Unfortunately, however, this makes the next problem for the sector apparent: today networks geared to voice services still need to be optimised and upgraded due to increasing data flow. This bottleneck forms the so-called mobile backhaul, at the stage when the traffic of data between the base station and the gateway to the packet network and voice switched network occurs, and which today is mostly based on hired E1 carrier lines. This increasing bandwidth can only be met by hiring additional carrier systems or by increasing the capacity of radio relay systems, which means that operating costs will rocket. The best alternatives for this connectivity can be found mostly in Ethernet-based backhaul solutions, which will raise almost neutral costs with increasing data bulk, but will bring with them significant initial investments.

However, mobile networks are not alone in approaching a bottleneck. YouTube, Flickr and Co. are concerned that for fixed networks the data demand is growing far quicker than the additional supply provided. As it is occasionally declared, by 2010 there could already be bottlenecks in the Internet and the backbones of network operators.

In addition, should the demand for IPTV services take on the relevant orders of magnitude, neither ADSL nor VDSL would be able to meet the requirements of this service, given that here the distances between DSLAM and the consumer are in most cases too big to produce the required 50MBit/s bandwidth. Fibre to the home (FttH) or cable are seen as relevant technology, which in this case could meet this demand. Yet the potential deployment of both technologies – fibre as purely „build“ and cable as „buy“ acquisition strategies – involves enormous financial capital, which may currently be scarcely available.

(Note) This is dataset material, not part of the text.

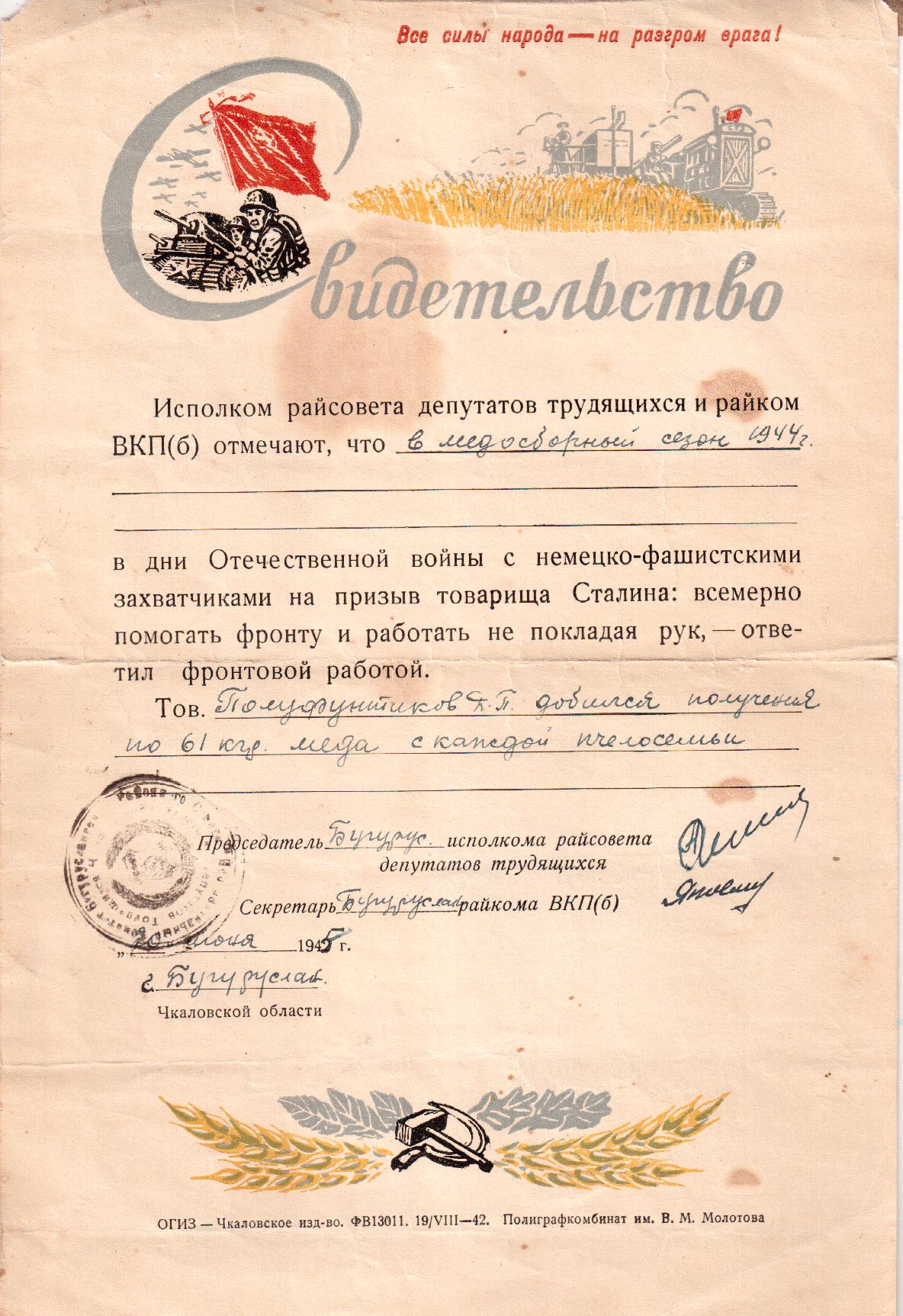 После ранения Д.П. Полуфунтиков вновь вернулся к занятию пчеловодством и получал очень высокие результаты, поставляя мед на фронт. В 1944 г. в медосборный сезон он получил 61 кг меда на пчелосемью, за что и был награжден данным свидетельством.

Thus, from a technical perspective the solutions for mobile and fixed networks are indeed known, but merely from a technical and not a financial point of view. In particular, as mentioned at the start, the current financial crisis means that adequate financial capital is not readily available. Equity financing of around €40 to €50 billion for a 50 percent populace supply of fibre technology from the operating cash flow is even less of a possibility due to the issue of scale.

Furthermore, even with adequate funding business cases for fibre seldom appear in black. For instance, fibre investment is only worthwhile in cities. And only then, if entire blocks of houses are covered by one operator. Then finally the infrastructure provision investments themselves, at €1,000 per housing unit, can be quickly exceeded in densely populated areas. Furthermore, adding to complications, many households are currently already supplied with DSL and the advantages of an upgrade to faster bandwidth are only slowly beginning to be recognised and demanded. Yet the willingness to pay more for this additional speed wanes the more time passes.

In our view there is only one solution for this problem: shared infrastructure. A joint investment, borne by operator consortia and realised as a joint venture, for example, would make investments become more attractive and reduce the dependence on restrictive banks considerably. A large share of the investments could even be financed by the operating cash flows.

Therefore, network operators are less affected, in terms of sales and costs, by the current economic crisis. In fact, the effects will be felt through hindered access to financial resources, potentially putting the brakes on innovation, and therefore ruining margins in the medium-term. Due to outdated technology, high profits will be scarce. Only a change of heart, accompanied by novel business models based on shared infrastructure, can overcome these hurdles in the next 24 months. We will be watching intently to see which network operator will open up this round of negotiations.